EXPOSE DU LITIGE ET PROCEDURE
Par acte notarié du 17 février 2011, la société civile de construction vente (SCCV) Le Clos de Mangepommes a vendu à la société anonyme (SA) d'habitations à loyers modéré (HLM) des Chalets , en l'état futur d'achèvement, pour un prix de 487.982 euros TTC, trois villas numérotées 9 à 11, situées [Adresse 5], à [Localité 6].
La société [Adresse 3] a fait l'objet d'une procédure de redressement judiciaire ouverte par jugement du 12 janvier 2016 et convertie en liquidation judiciaire par jugement du 22 mars 2016.
Par acte d'huissier du 9 décembre 2021, la SELARL [H] et associés, agissant en qualité de mandataire judiciaire de la SCCV [Adresse 3], a fait assigner la SA HLM des Chalets devant le tribunal de commerce de Toulouse, pour obtenir paiement de la somme principale de 146.493,60 euros au titre du solde du prix de vente.
Par jugement du 30 mai 2022, le tribunal de commerce de Toulouse a :
- condamné la SA [Adresse 1] à payer à la Selarl [H] et associés, prise en la personne de Me [X] [H], en qualité de mandataire judiciaire de la société SCCV [Adresse 3], la somme principale de 146.493,60 euros outre intérêts au taux légal à compter de l'assignation jusqu'à parfait paiement,
- débouté la SA HLM des Chalets de l'ensemble de ses demandes,
- condamné la SA [Adresse 1] au paiement de 2.500 euros au titre de l'article 700 du code procédure civile,
- dit qu'il n'y a pas lieu d'écarter l'exécution provisoire,
- condamné la SA HLM des Chalets aux dépens.
Par déclaration du 23 juin 2022, comportant une annexe, la société [Adresse 1] a relevé appel de ce jugement.
Par ordonnance du 10 novembre 2022, le conseiller de la mise en état a déclaré l'appel de la société HLM des chalets irrecevable.
Le conseiller de la mise en état a retenu que la déclaration d'appel de la société [Adresse 1] ne visait en qualité d'intimée que la société [H] et associés, qui n'était pas partie en première instance, sans préciser sa qualité de mandataire judiciaire de la société [Adresse 3], et ne comportait pas de renvoi à l'annexe jointe à cette déclaration.
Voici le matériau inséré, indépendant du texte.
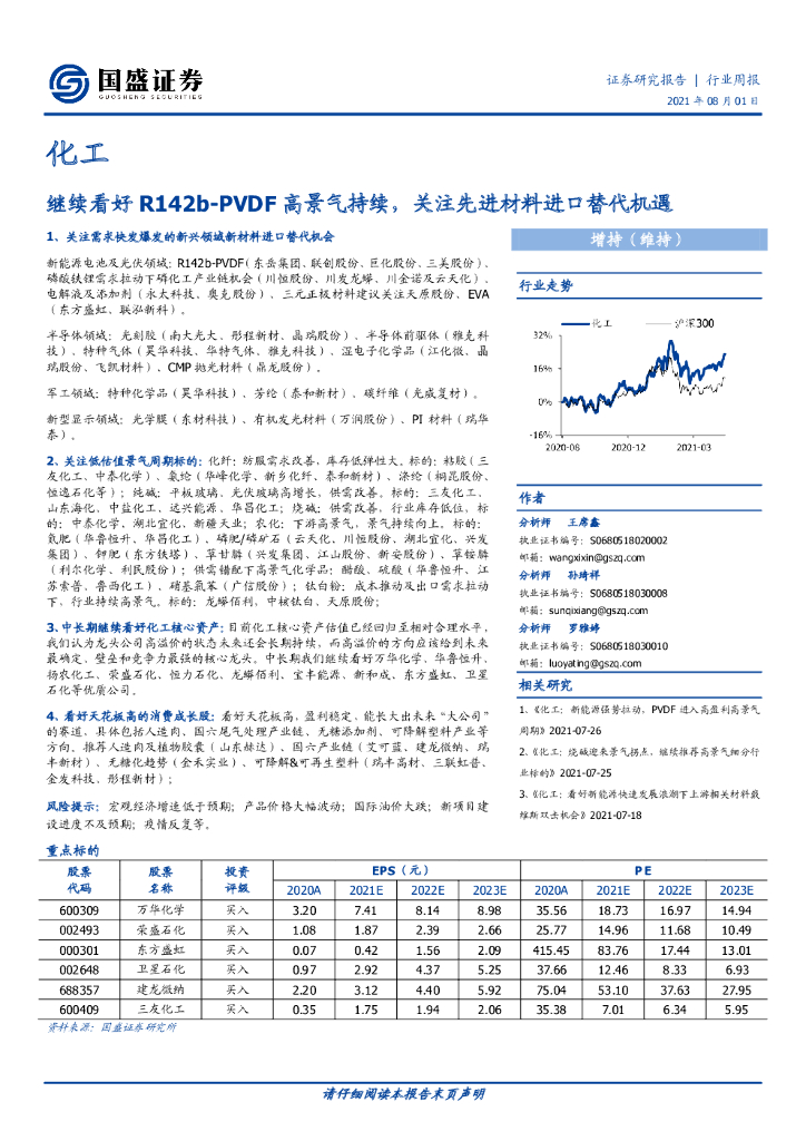 国盛证券:化工行业周报:继续看好R142b-PVDF高景气持续,关注先进材料进口替代机遇.pdf

Il a considéré que cette déclaration d'appel était erronée et ne pouvait pas être rectifiée par les conclusions d'appelant visant une autre personne intimée.
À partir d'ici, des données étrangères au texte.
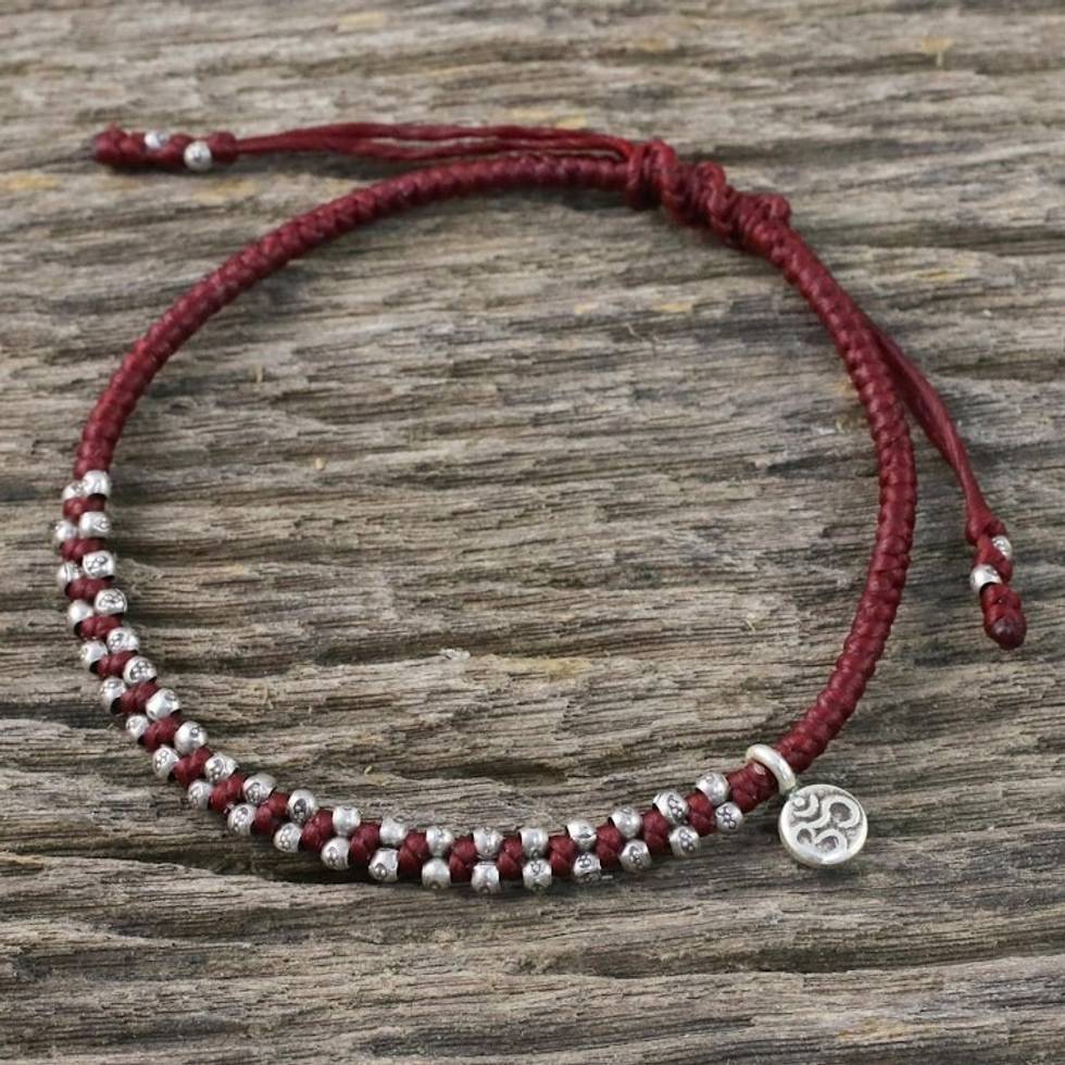 This bracelet is so pretty. It's bright red with Sterling silver beads with a Sterling silver om charm on it. I recommend not getting this wet often bc if u do it will cause the wax to come off the chords. Great buy!!

La société HLM des Chalets a déféré cette décision à la cour d'appel, qui, par arrêt du 20 juin 2023, a confirmé l'ordonnance du 10 novembre 2022 en toutes ses dispositions, et condamné la société [Adresse 1] à payer à la SELARL [H] et associés la somme de 2.500 euros par application de l'article 700 du code de procédure civile.
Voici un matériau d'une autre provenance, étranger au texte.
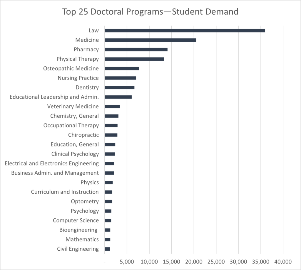 Not surprisingly, the largest volume doctoral programs are in law, health science occupations, and education. STEM and business programs are also among the top 25 highest-volume programs in the U.S.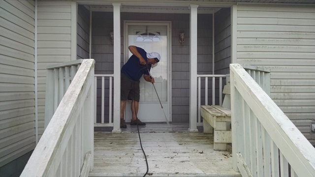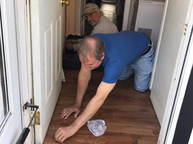 After discussing our goals for the day, we all headed back out to the job sites with everyone returning to where they left off yesterday. At Cheryl’s house Susan, Bill, Reid and Max worked to finish up the details. Max located an outlet on the new kitchen wall and got that operational. That meant there was a little work to be done to the drywall as well. Susan and Bill painted the kitchen ceiling, while Reid reinstalled the fan in the bedroom. Then of course there was cleanup work to be done. Everyone was back over at Jackie’s about lunch time. Max did the walk thru at Cheryl’s with Jeff about 2:00. There were a few little items on the punch list like a little additional painting and trim work. Essentially the job is finished but we will send some folks back on a while on Monday to complete the few items. Otherwise everyone is now working at Jackie’s. Today we finished the closet in one of the bedrooms including shelving. Jackie salvaged the wire shelving when all the drywall was torn out. That same bedroom got a coat of wall paint and the window painting is almost complete. Anne and Carol worked in that room most of the day and it is looking better. Bill installed the closet shelving just before we quit for the day. Looking good! Mike and Dave put together a new pressure washer and then resumed their baseboard installation. They have it all down except for a few areas where other work has to be done first. Reid used the new pressure washer to clean the front and back porch in preparation for painting next week. He also pressure washed the siding as needed. Susan, the caulking queen, started caulking the windows and baseboards. It looks so great! We will of course have touch up work to do on the walls as we get closer to complete.

La cour d'appel a relevé que la déclaration d'appel ne visait pas les chefs de jugement critiqués et ne renvoyait pas expressément à une annexe, et que par ailleurs elle visait en qualité d'intimée la société [H] et associés, sans mention de sa qualité de mandataire judiciaire de la société [Adresse 3].
La société HLM des Chalets a formé un pourvoi contre l'arrêt rendu le 20 juin 2023 par la cour d'appel de Toulouse.
Par arrêt du 12 juin 2025, la deuxième chambre civile de la Cour de cassation a :
- cassé et annulé, en toutes ses dispositions, l'arrêt rendu le 20 juin 2023, entre les parties, par la cour d'appel de Toulouse,
- remis l'affaire et les parties dans l'état où elles se trouvaient avant cet arrêt et les renvoie devant la cour d'appel de Toulouse autrement composée,
- condamné la société [H] et associés, prise en qualité de mandataire judiciaire de la société [Adresse 3], aux dépens,
- en application de l'article 700 du code de procédure civile, rejeté les demandes.